2

Im writting a simple python code that should detect the my keystrokes but for some reason in detects space after everysingle keystroke.

The code:

import msvcrt

print("press 'escape' to quit...")
text=""
while 1:
    char = msvcrt.getch()
    print(ord(char))

Sample run:

Input: aaaaa

Output:
97
0
97
0
97
0
97
0
97
0
martineau
  • 119,623
  • 25
  • 170
  • 301

1 Answers1

2

It's not detecting space. Space is 32, not 0.
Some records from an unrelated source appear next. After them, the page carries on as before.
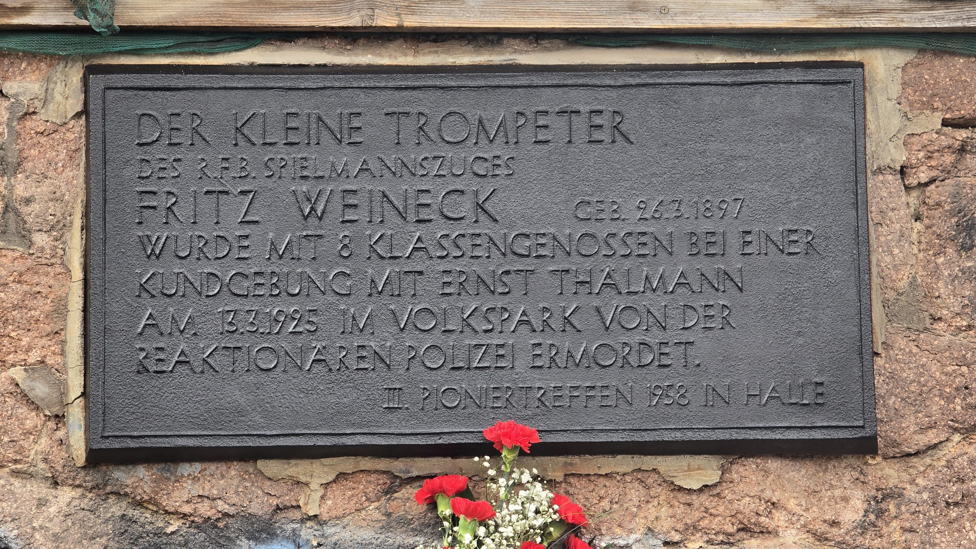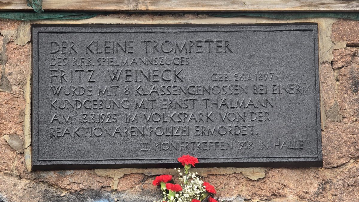 Der 13. März 1925 ging als “Blutfreitag” in die hallesche Stadtgeschichte ein. Eine Wahlkampfveranstaltung im Volkspark, bei der unter anderem Ernst Thälmann sprechen sollte, wurde durch die Schutzpolizei gewaltsam aufgelöst. Zehn Menschen starben, darunter auch Friedrich August Weineck, besser bekannt als Fritz Weineck. Als “Kleiner Trompeter” (Eigentlich war er Hornist im Roten Frontkämpferbund) wurde er später bekannt. Zu DDR-Zeiten war das “Lied vom Kleinen Trompeter” (“Von all unsern Kameraden…”) ein Muss für alle Pioniere. Das heutige Riveufer nannte sich Wieneck-Ufer, dort gab es auch ein Denkmal, dass nach dem Ende der DDR mit Farbe beschmiert wurde im Depot landete. Derzeit ist es im Rahmen einer Ausstellung im Stadtmuseum zu sehen.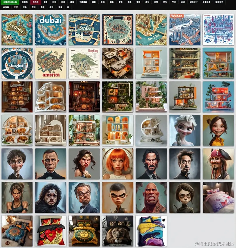 在词图库中,您可以发现各种刺激的提示词,将其输入到MidJourney等AI工具中,以生成各种美丽的图像和设计。我们还鼓励创作者分享他们使用提示词创建的作品,以激发更多创作灵感。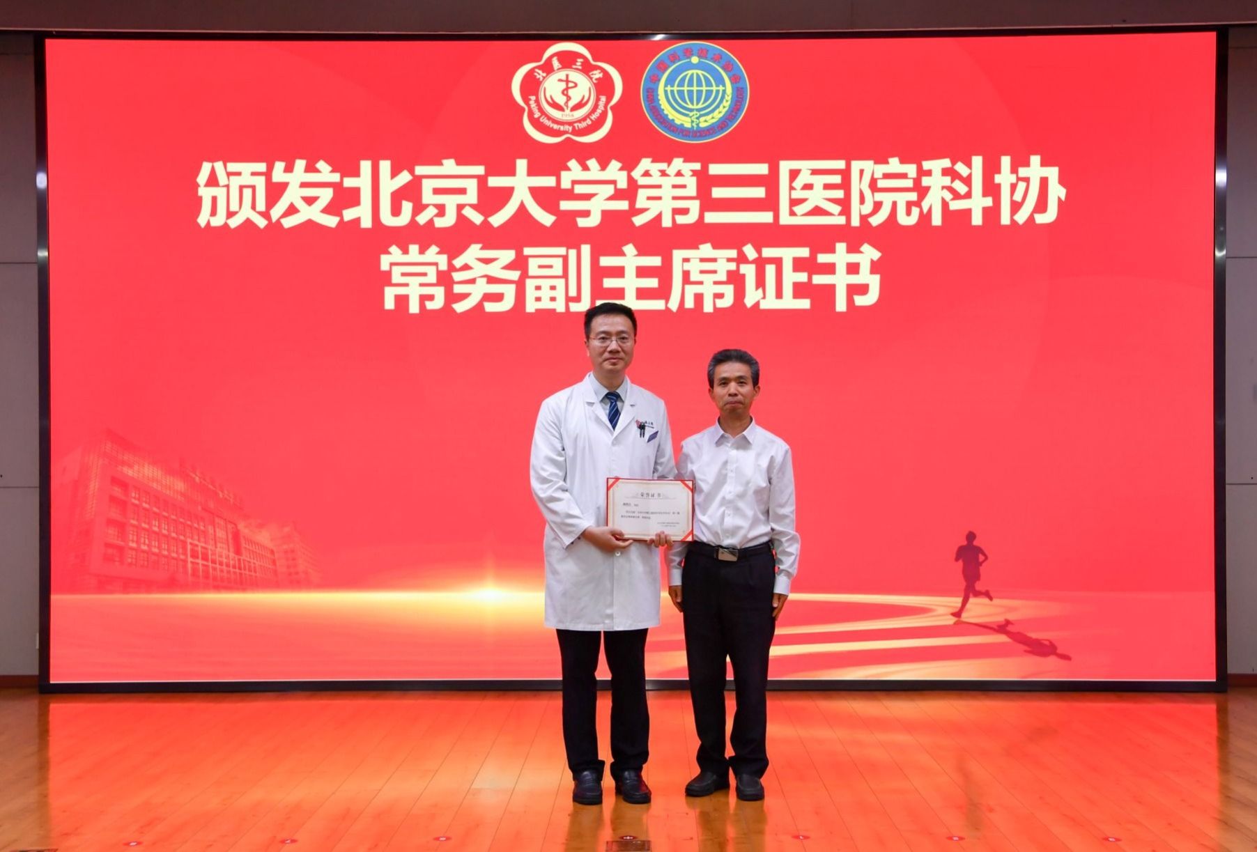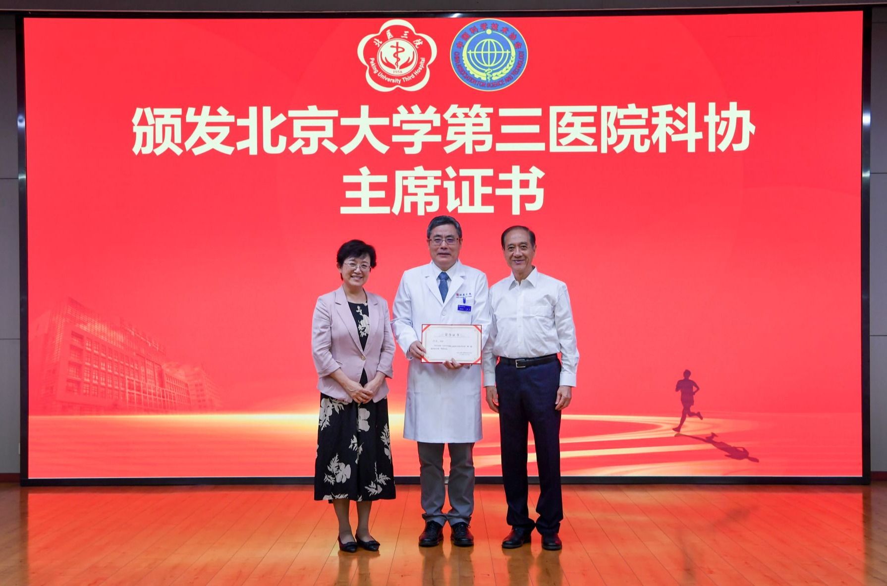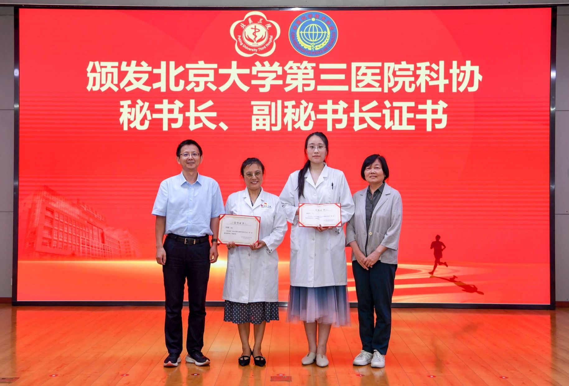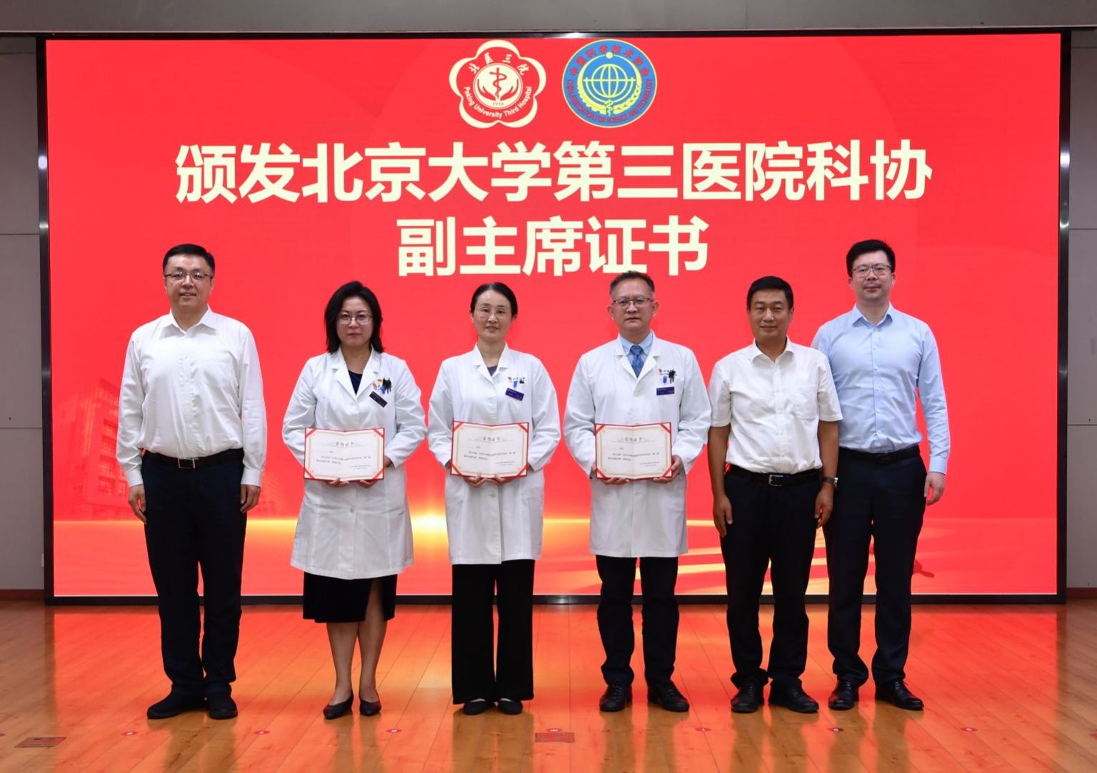 揭牌仪式后,与会领导为北医三院科协主席、常务副主席、副主席、秘书长、副秘书长颁发证书。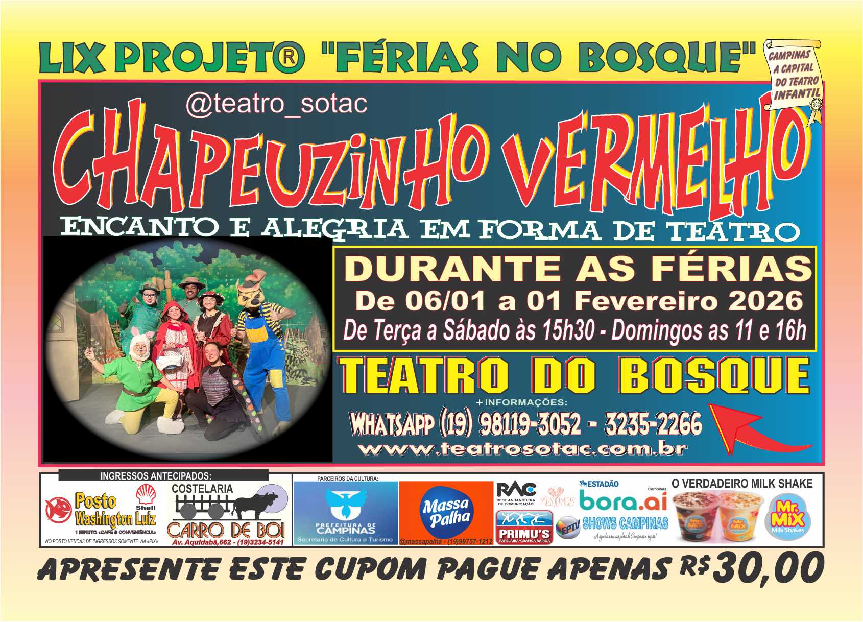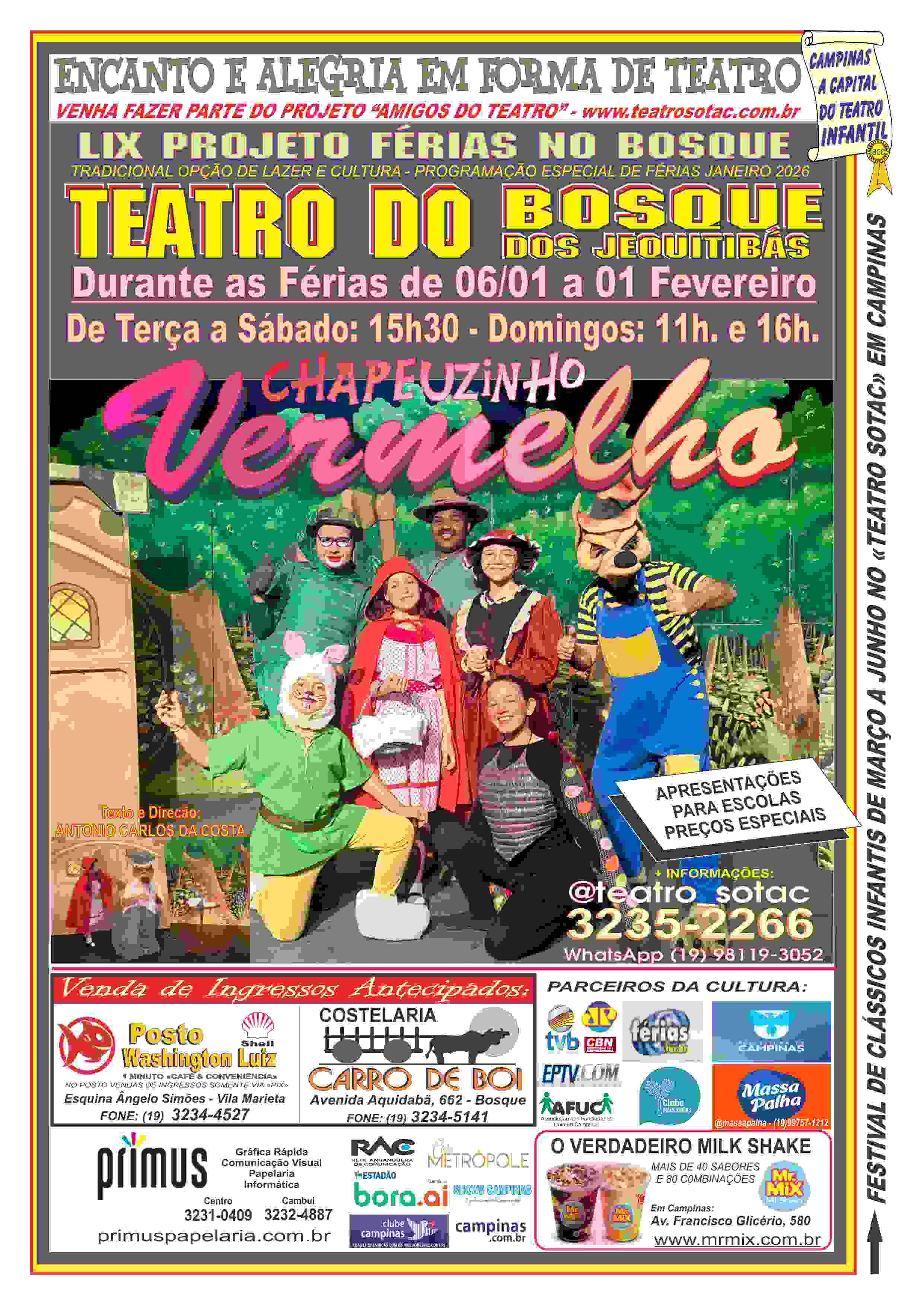 Para completar o passeio, será apresentado todos os dias, exceto as segundas-feiras, o espetáculo infantil – CHAPEUZINHO VERMELHO no Teatro Carlos Maia no Bosque dos Jequitibás, uma versão teatral com aquele toque de comicidade especial, característico da Cia. SOTAC, produções que conseguem agradar crianças e adultos numa atmosfera de magia e realidade.

What's happening is that you're using a wide-character terminal, but reading it as bytes, so you're seeing the UTF-16-LE bytes. In UTF-16-LE, an a is two bytes, 97 and 0. If you read those as if they were two ASCII characters instead of one UTF-16-LE character, you'll get a followed by \0.

Notice that what you get back isn't actually 'a\0a\0a\0', but b'a\0a\0a\0'. So you could buffer these up into a bytes or bytearray and use decode('utf-16-le') on it. But that defeats the purpose of reading one character at a time.

The simplest fix is to use getwch instead of getch. This will mostly just do what you want—return a single-character str value like 'a' rather than two separate single-byte bytes values.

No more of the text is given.